Apart from deepening domestic gas utilisation, the NLNG is said to have contributed significantly to the country financially.
According to information on the company’s website, it has so far contributed 100 billion dollars to the federal government’s coffers, and 6.5 billion dollars in taxes since it started operations.
It also paid 13 billion dollars to the Nigerian National Petroleum Company (NNPC) Ltd. for feed-gas purchase, and 16 billion dollars in dividends to the federal government.
Acknowledging these achievements, the Federal Inland Revenue Service in a statement signed by its Executive Chairman, Mr Muhammad Nami, on May 16, recognised the NLNG as the Most Supportive Tax Payer in the country.
Prompted by this accolade, Dr Muda Yusuf, Chief Executive Officer, Centre for the Promotion of Private Enterprise, told the News Agency of Nigeria (NAN) that the NLNG model should be adopted by the government in other public-private-partnership arrangements.
“The NLNG model has worked very well. It might not be perfect but of all the public private partnership arrangements that we have had, the NLNG model seems to be the best so far.
“The beauty of it is that there is practically no interference or very minimum interference in the management of the place.
“So, there is professionalism in the management, in the allocation of resources, in the recruitment and that has resulted in high level of performance,” he said.
Similarly, Mr Nuhu Yakubu, President, Nigeria Liquefied Petroleum Gas Association (NLPGA) and Managing Director, Banner Energy, said the NLNG was a pride to all Nigerians.
“Not only has the NLNG project endured for 33 years but it is a trail blazer for other similar projects that the Federal Government of Nigeria should mirror in the way NLNG is being administered and managed.
“Aside the huge revenue being generated from the NLNG for the Nigerian government, the company has brought human capital development to bear,” Yakubu said.
He said Nigerians working in NLNG were thorough professionals who were capable of competing with their peers globally.
Yakubu said the impact being made by the NLNG to deepen domestic gas utilisation in Nigeria could not be overemphasised.
“NLNG has gradually progressed from a 150,000MT intervention to the domestic LPG market to 250,000MT to N350,000MT and now to 450,000MT, which is maxing out their entire domestic LPG production to the Nigerian market.
“It is unprecedented and it means NLNG is meeting the yearnings of Nigerians. It is gauging the pulse of Nigerians and responding to it and we wish other corporations of that magnitude can do the same thing.
“We will be able to close the energy gap that we have in Nigeria because we have pervasive domestic energy poverty and need lot of interventions to address the issue so that at least every home in Nigeria will have access to gas.
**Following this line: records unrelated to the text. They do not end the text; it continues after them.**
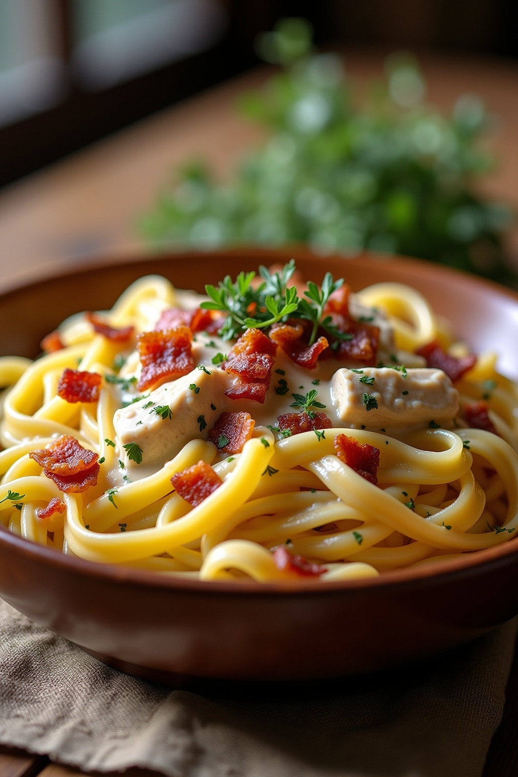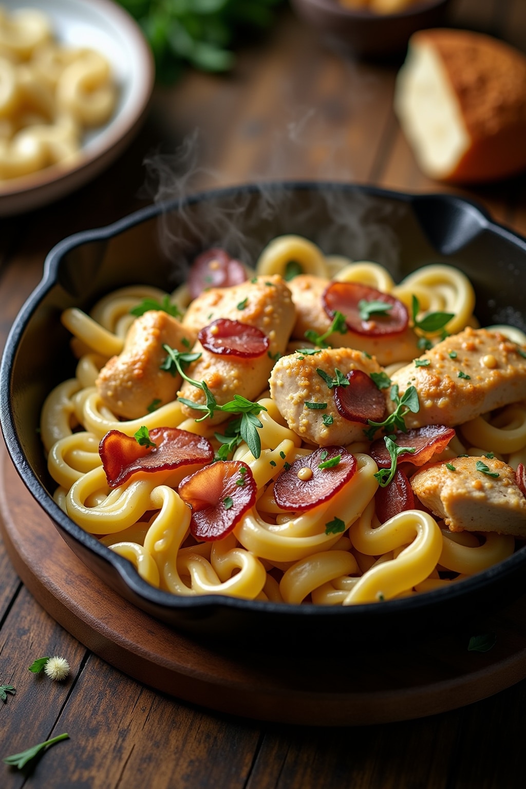 Indulge in the ultimate comfort food with this timeless Classic Creamy Chicken Bacon Ranch Pasta that never fails to satisfy cravings and impress dinner guests. The combination of tender chicken pieces and crispy bacon creates a perfect textural contrast that elevates this dish beyond ordinary pasta meals. A rich, velvety sauce made with real cream, ranch seasoning, and freshly grated Parmesan cheese coats each pasta strand with decadent flavor that will have everyone asking for seconds. The aromatic blend of garlic, herbs, and spices in the ranch seasoning provides depth to the dish without overpowering the main ingredients. While this recipe feels indulgent, it comes together in under 30 minutes, making it ideal for busy weeknights when you need comfort food fast. The versatility of this classic dish allows for endless customization—add vegetables like peas, broccoli, or spinach for extra nutrition, or spice it up with red pepper flakes for heat. What makes this particular version stand out is the careful balance of creamy, savory, and herbaceous notes that create a truly memorable dining experience.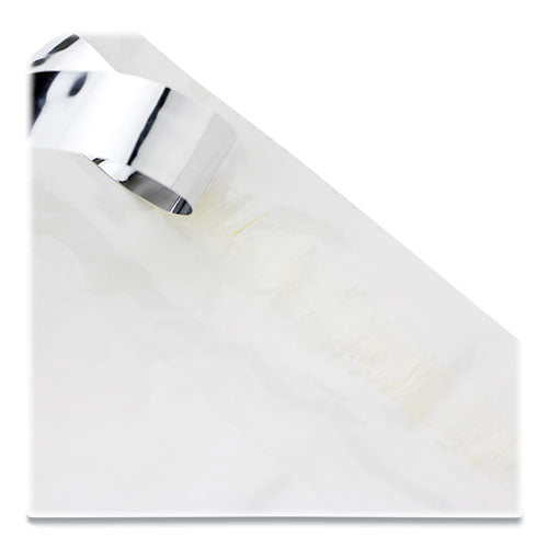 Designed to deliver ultimate packaging results. Ready-to-ship e-commerce bag features metalized, antistatic release liner for reduced static and a steady pull. Adhesive strip on the top provides a reliable and permanent closure. Stainless steel wicket aids in keeping bags neat and allows bags to be hung for quicker loading. Perforated header allows effortless bag hanging and removal from the wicket. Trilingual suffocation warning. Application: E-Commerce; Thickness: 1.5 mil; Material(s): Low-Density Polyethylene; Width: 9".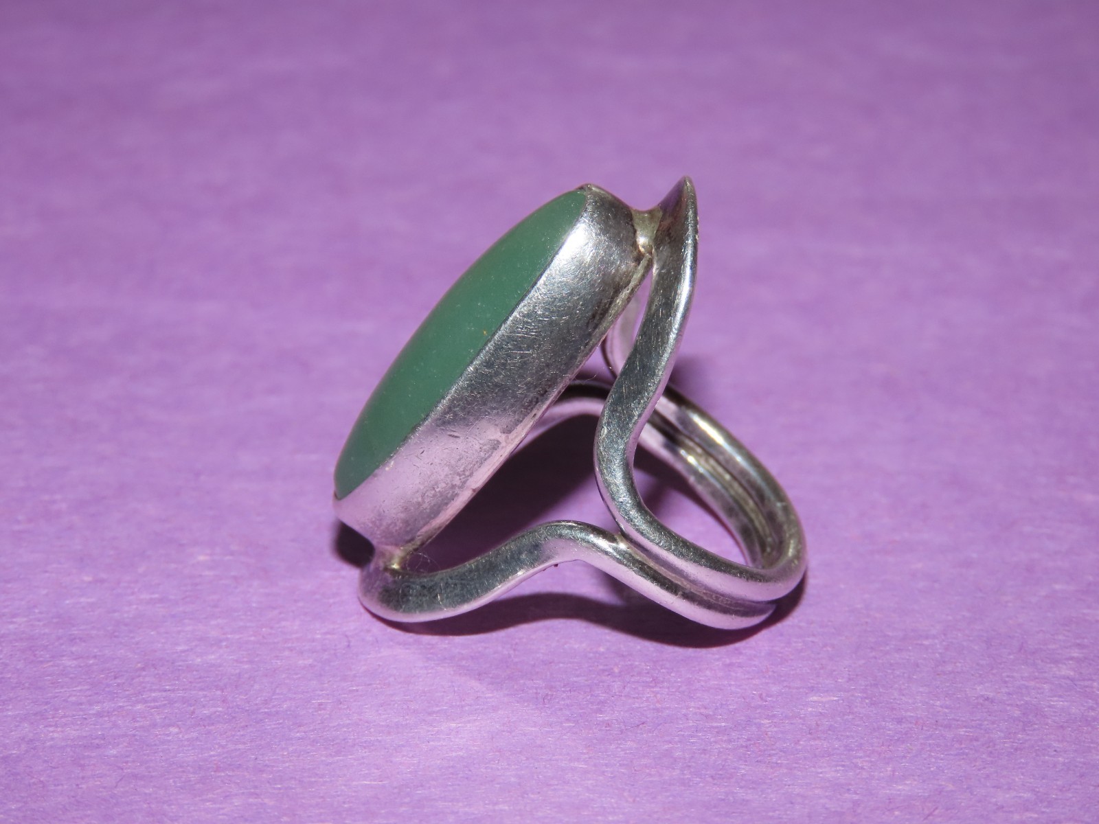 как выглядит JADE STONE STERLING RING VINTAGE HANDMADE 925 MEXICO SIGNED DDD 11.2g SIZE 9 фото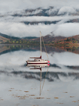 A moored sailing boat reflected in the calm waters of Loch Duich in Glen Shiel, surrounded by the rugged Scottish Highlands. The autumn scene is set with low clouds and early morning mist gently covering the distant mountains, creating a serene and atmospheric landscape. A great photograph for those seeking Scottish landscapes, nature enthusiasts, or anyone looking to add a touch of the Highlands' tranquility to their space.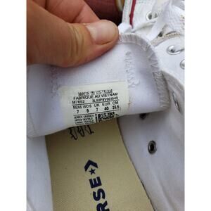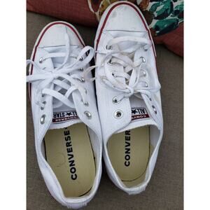 Converse Chuck Taylor All Star Low Top Unisex Women Size 9 Men’s size 7 White. Overall nice condition but there is some staining that will need cleaned. See photos for condition and visual description. Will come as is as shown. If you have any questions please ask 😊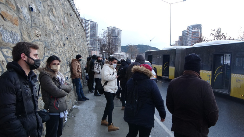 Kartal'da İETT otobüsü arızalanınca yolda kaldı. İETT şoförü ise soğukta yolcuları indirdi. Kar yağışı nedeniyle caddede yoğun olan trafik, otobüsün yolda kalmasıyla adeta felç oldu.

“The NLNG intervention in the domestic market has catalysed growth and development in infrastructure on the supply side.
“From 2007 when the NLNG intervention started, we had only one terminal in Apapa, Lagos owned by the Pipelines Products Marketing Company.
“Today we have many privately owned coastal terminals across the country and there is also a lot of capital flow for infrastructure development because of the confidence brought in by NLNG,” he said.
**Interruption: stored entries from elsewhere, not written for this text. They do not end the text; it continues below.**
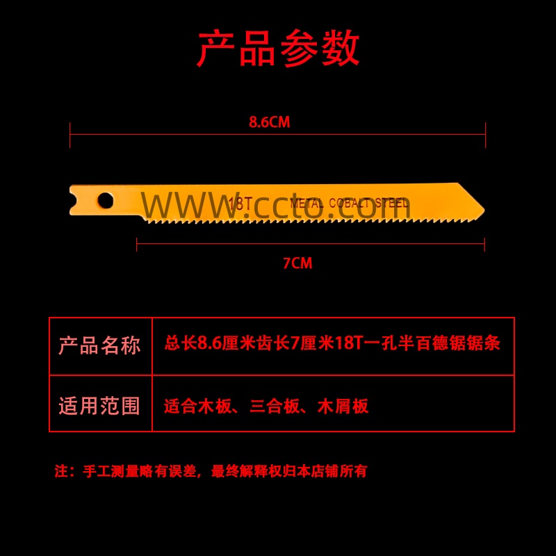 83号总长8.6厘米齿长7厘米18T一孔半百德锯锯条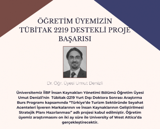 Konuya ilişkin olarak Dr. Öğr. Üyesi Umut Denizli’yi tebrik eden Rektörümüz Prof. Dr. Halil İbrahim Zeybek şunları söyledi: “Dr. Öğr. Üyesi Umut Denizli hocamızın projesinin TÜBİTAK tarafından kabul edilmiş olmasını memnuniyetle karşılıyoruz. Bu projeyle elde edilecek bulguların, turizm sektöründe faaliyet gösteren işletmelerin etkinliğini artırma konusunda güçlü bir yol haritası sunacağına inanıyoruz. Öğretim üyemizin bu önemli araştırma için University of West Attica'da on iki ay boyunca çalışacak olması, uluslararası iş birliği ve bilgi paylaşımı açısından da değerlidir. Bu süreçte elde edilecek bilgi ve deneyimler, üniversitemizde ve Türkiye’de turizm sektörünün gelişimine önemli katkılar sağlayacaktır. Biz de kendisine başarılar diliyor, projenin turizm sektörüne ve ülkemize önemli faydalar sağlamasını temenni ediyoruz.”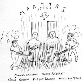 Thomas Causton (from Thundersley) and John Ardeley (from Great Wigborough) were burnt at Rayleigh. Ardeley’s compatriot, John Simson, was burnt at Rochford. William Tyms (from Hockley) and Robert Drake(s) (from Thundersley) were both burnt at Smithfield in London. Memorials to these martyrs are found off Rochford Square and in Rayleigh High Street. Rochford district was a hotbed of Protestantism and these burnings probably took place in its two largest towns to deter others from following that faith.

However, Mr Michael Umudu, National Chairman, the Liquefied Petroleum Gas Retailers (LPGAR), branch of National Union of Petroleum and Natural Gas Workers (NUPENG), said NLNG needed to do more to ensure supply of LPG in the domestic market.
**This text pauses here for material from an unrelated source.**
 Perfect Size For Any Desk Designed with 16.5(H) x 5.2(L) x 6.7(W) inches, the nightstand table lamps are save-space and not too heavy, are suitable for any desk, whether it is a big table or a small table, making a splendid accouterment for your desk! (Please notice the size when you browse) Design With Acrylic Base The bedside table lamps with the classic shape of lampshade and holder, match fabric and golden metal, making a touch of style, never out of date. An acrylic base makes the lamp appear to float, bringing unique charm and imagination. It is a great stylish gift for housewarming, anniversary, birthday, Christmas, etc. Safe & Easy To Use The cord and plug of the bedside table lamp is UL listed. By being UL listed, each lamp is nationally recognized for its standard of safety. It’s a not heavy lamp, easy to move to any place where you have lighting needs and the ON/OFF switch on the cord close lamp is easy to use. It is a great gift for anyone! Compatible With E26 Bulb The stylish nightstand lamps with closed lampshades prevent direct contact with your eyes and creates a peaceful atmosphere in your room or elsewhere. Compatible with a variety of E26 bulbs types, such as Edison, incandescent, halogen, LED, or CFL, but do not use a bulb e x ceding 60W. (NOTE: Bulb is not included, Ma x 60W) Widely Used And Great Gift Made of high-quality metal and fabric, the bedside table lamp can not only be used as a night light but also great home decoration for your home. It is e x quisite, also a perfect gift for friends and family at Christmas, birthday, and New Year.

Umudu said the total amount allocated to the domestic market was insufficient as about 60 per cent of LPG being consumed in Nigeria was imported.
Mr Philip Mshelbila, Chief Executive Officer, NLNG, said the NLNG had for the past 33 years vigorously pursued its vision of being “a globally competitive LNG company, helping to build a better Nigeria.
“Our company has touched lives in significant areas such as economic empowerment, health, education, infrastructure development and sustainable community development.
“Over the years, it harnessed natural gas that would have otherwise been flared, thereby contributing immensely to a cleaner environment.
“And by delivering 100 per cent of its LPG production into the domestic market, it helps Nigerians transition to cleaner cooking fuels.”
Also, Mrs Sophia Horsfall, Manager, Corporate Communications and Public Affairs, NLNG, said the ongoing Train 7 project would help the company increase its allocation to the domestic market.
She said the project was expected to ramp up NLNG’s production capacity by 35 per cent from 22mtpa to around 30mtpa.
Horsfall noted that the project would form part of the investment of over 10 billion dollars, including the upstream scope of the LNG value chain, thereby increasing dividends and taxes accruing to the government.
Incorporated as a Limited Liability company on May 17, 1989, the NLNG was set up to harness Nigeria’s vast natural gas resources and produce Liquefied Natural Gas (LNG) and Natural Gas Liquids (NGLs) for export.
The establishment of NLNG is backed by the Nigeria LNG (Fiscal Incentives, Guarantees and Assurances) Act. Cap N87, Laws of Federation of Nigeria 2004.
The law, amongst other things, provides for the guarantees and assurances by the federal government to the company and its shareholders.
The NLNG is an incorporated Joint-Venture owned by four shareholders: the federal government, represented by NNPC Ltd. (49 per cent), Shell Gas B.V. (25.6 per cent), Total Gaz Electricite Holdings France (15 per cent) and Eni International N.A. N. V. S.àr.l (10.4 per cent).
Today, NLNG has a total production capacity of 22 Million Tons Per Annum (mtpa) of LNG and 5mtpa of Natural Gas Liquids (NGLs) from its six-train plant complex.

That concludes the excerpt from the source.